§ **Assignment**
When you reach a picture, pass over it; otherwise repeat the listing word for word.

§ **Data section**
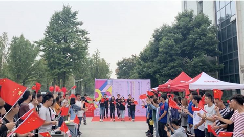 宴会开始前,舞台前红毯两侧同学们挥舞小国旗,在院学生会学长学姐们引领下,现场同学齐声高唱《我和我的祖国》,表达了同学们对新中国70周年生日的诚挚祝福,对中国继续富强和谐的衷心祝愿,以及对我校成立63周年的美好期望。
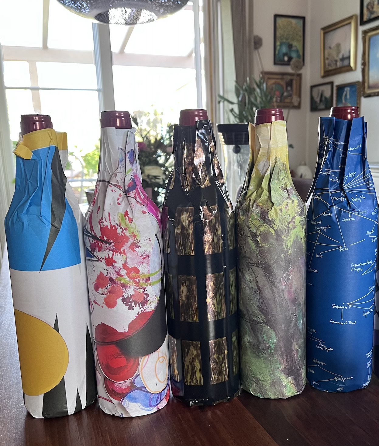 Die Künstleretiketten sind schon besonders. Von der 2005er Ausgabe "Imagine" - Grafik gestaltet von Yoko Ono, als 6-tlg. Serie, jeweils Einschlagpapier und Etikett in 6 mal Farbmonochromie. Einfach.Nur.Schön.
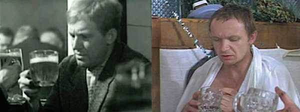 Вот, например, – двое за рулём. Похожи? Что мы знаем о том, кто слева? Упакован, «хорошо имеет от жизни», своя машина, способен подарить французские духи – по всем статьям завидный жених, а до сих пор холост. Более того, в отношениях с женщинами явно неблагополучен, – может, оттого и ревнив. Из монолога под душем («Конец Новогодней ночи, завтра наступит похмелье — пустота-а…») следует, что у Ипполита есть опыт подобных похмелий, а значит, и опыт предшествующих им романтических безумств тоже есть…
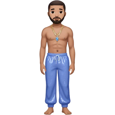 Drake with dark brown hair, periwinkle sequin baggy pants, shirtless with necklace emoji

§ **Response**
 宴会开始前,舞台前红毯两侧同学们挥舞小国旗,在院学生会学长学姐们引领下,现场同学齐声高唱《我和我的祖国》,表达了同学们对新中国70周年生日的诚挚祝福,对中国继续富强和谐的衷心祝愿,以及对我校成立63周年的美好期望。
 Die Künstleretiketten sind schon besonders. Von der 2005er Ausgabe "Imagine" - Grafik gestaltet von Yoko Ono, als 6-tlg. Serie, jeweils Einschlagpapier und Etikett in 6 mal Farbmonochromie. Einfach.Nur.Schön.
 Вот, например, – двое за рулём. Похожи? Что мы знаем о том, кто слева? Упакован, «хорошо имеет от жизни», своя машина, способен подарить французские духи – по всем статьям завидный жених, а до сих пор холост. Более того, в отношениях с женщинами явно неблагополучен, – может, оттого и ревнив. Из монолога под душем («Конец Новогодней ночи, завтра наступит похмелье — пустота-а…») следует, что у Ипполита есть опыт подобных похмелий, а значит, и опыт предшествующих им романтических безумств тоже есть…
 Drake with dark brown hair, periwinkle sequin baggy pants, shirtless with necklace emoji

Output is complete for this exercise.